*Exercise aim*: What is needed is an exact copy of the lines in the entries below from the one holding "路网:紧邻友新快速路与苏福快速路,自驾15分钟覆盖园区、高新区、姑苏核心区。" through the one holding "近5年内:委内瑞拉的人均GD", pictures excluded.

*Data for this task*:
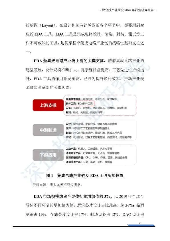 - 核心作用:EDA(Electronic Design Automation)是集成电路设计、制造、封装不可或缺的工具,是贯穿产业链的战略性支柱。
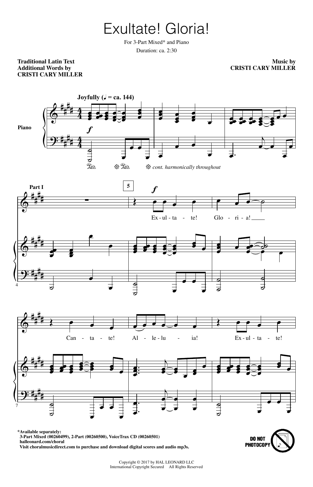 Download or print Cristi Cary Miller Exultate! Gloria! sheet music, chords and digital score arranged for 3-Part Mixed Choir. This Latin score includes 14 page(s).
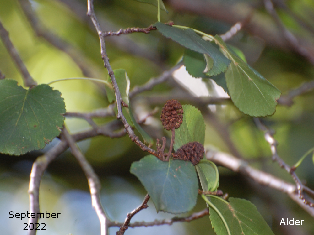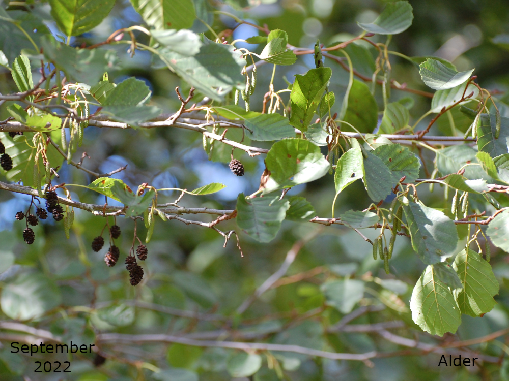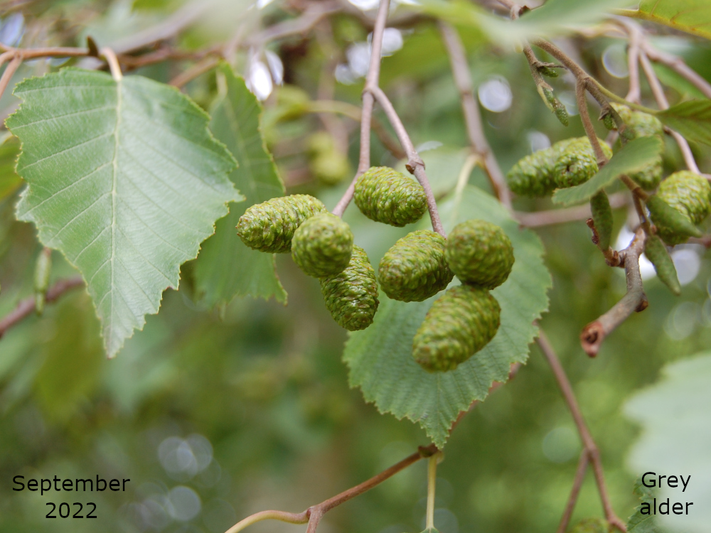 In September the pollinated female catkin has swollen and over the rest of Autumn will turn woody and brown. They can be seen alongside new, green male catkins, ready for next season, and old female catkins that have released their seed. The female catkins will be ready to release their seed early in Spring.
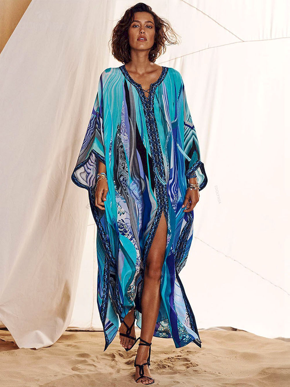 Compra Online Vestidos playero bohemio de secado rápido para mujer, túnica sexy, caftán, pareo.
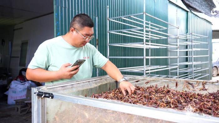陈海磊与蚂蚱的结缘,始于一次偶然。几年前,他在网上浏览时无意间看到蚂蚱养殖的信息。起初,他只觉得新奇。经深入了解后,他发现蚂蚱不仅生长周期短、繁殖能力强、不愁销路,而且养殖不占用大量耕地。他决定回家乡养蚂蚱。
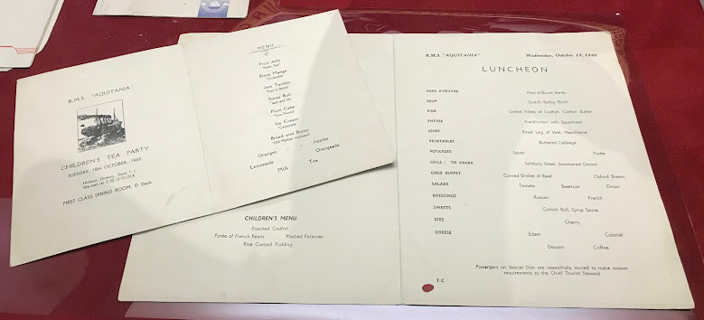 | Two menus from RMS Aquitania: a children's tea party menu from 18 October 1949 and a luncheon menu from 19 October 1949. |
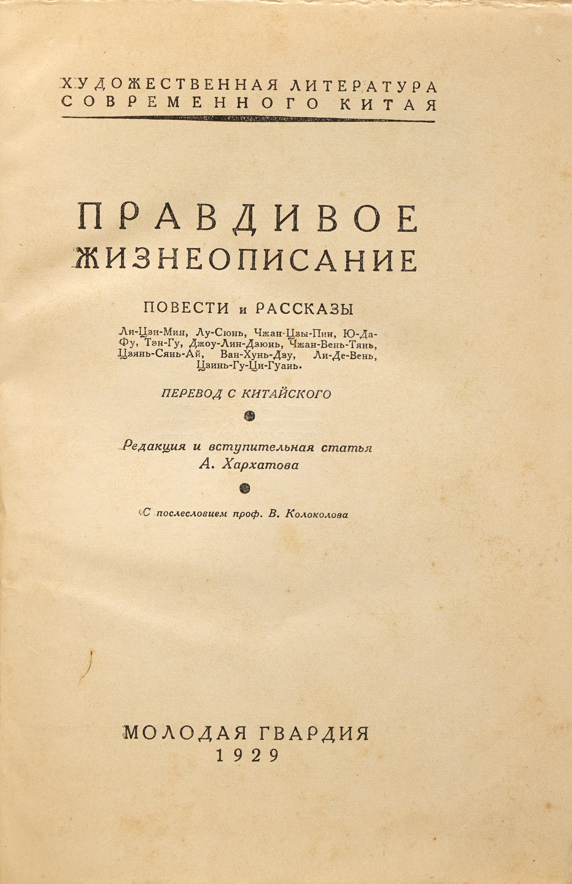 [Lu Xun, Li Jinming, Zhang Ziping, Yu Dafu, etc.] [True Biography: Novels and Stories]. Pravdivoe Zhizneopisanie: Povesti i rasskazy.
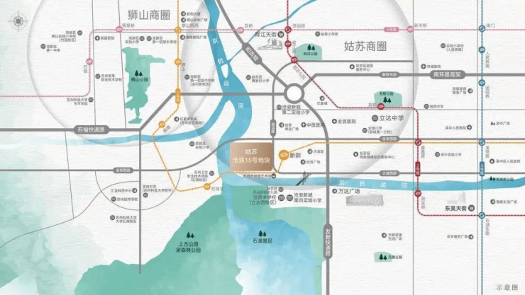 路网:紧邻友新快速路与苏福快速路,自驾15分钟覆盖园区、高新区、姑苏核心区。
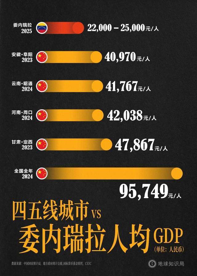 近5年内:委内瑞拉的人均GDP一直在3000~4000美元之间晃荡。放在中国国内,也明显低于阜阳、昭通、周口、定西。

==

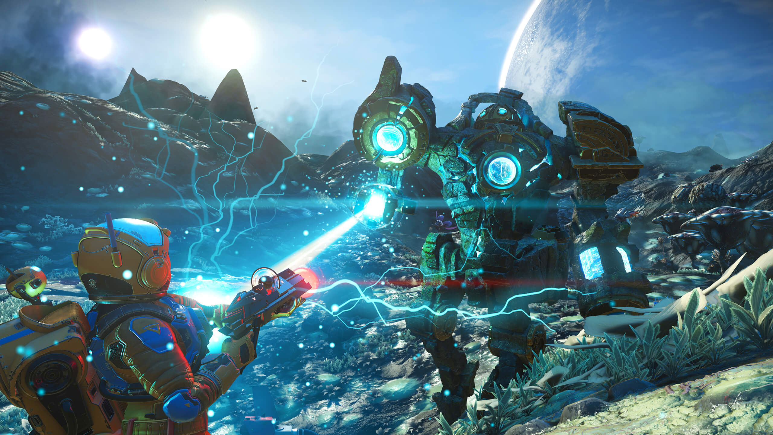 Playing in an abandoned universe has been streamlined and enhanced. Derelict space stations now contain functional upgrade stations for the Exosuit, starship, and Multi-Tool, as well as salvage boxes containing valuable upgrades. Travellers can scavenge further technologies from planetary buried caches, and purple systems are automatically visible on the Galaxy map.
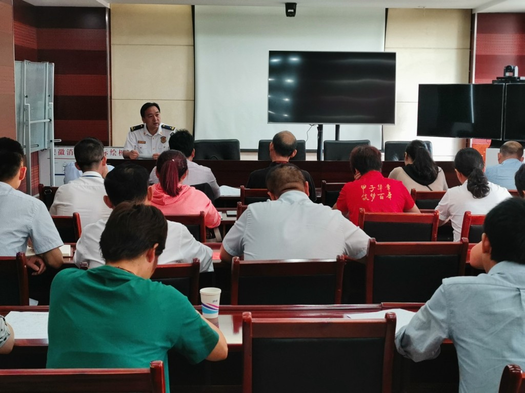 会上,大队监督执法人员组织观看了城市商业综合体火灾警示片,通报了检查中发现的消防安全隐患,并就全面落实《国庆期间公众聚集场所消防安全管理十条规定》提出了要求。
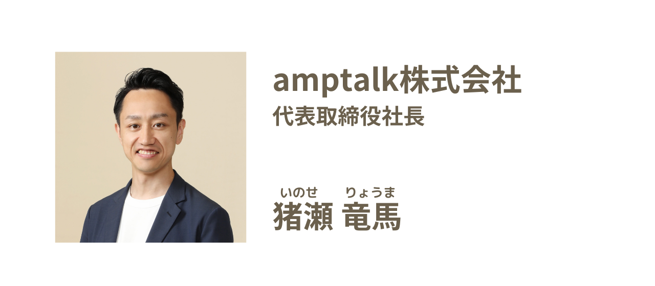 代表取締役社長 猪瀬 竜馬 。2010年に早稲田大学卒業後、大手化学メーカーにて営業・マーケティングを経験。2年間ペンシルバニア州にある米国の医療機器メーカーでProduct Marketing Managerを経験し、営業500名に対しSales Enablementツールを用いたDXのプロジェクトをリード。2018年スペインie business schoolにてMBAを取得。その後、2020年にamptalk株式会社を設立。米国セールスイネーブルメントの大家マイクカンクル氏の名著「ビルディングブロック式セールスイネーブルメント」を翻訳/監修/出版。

*Output of the task*:
 路网:紧邻友新快速路与苏福快速路,自驾15分钟覆盖园区、高新区、姑苏核心区。
 近5年内:委内瑞拉的人均GDP一直在3000~4000美元之间晃荡。放在中国国内,也明显低于阜阳、昭通、周口、定西。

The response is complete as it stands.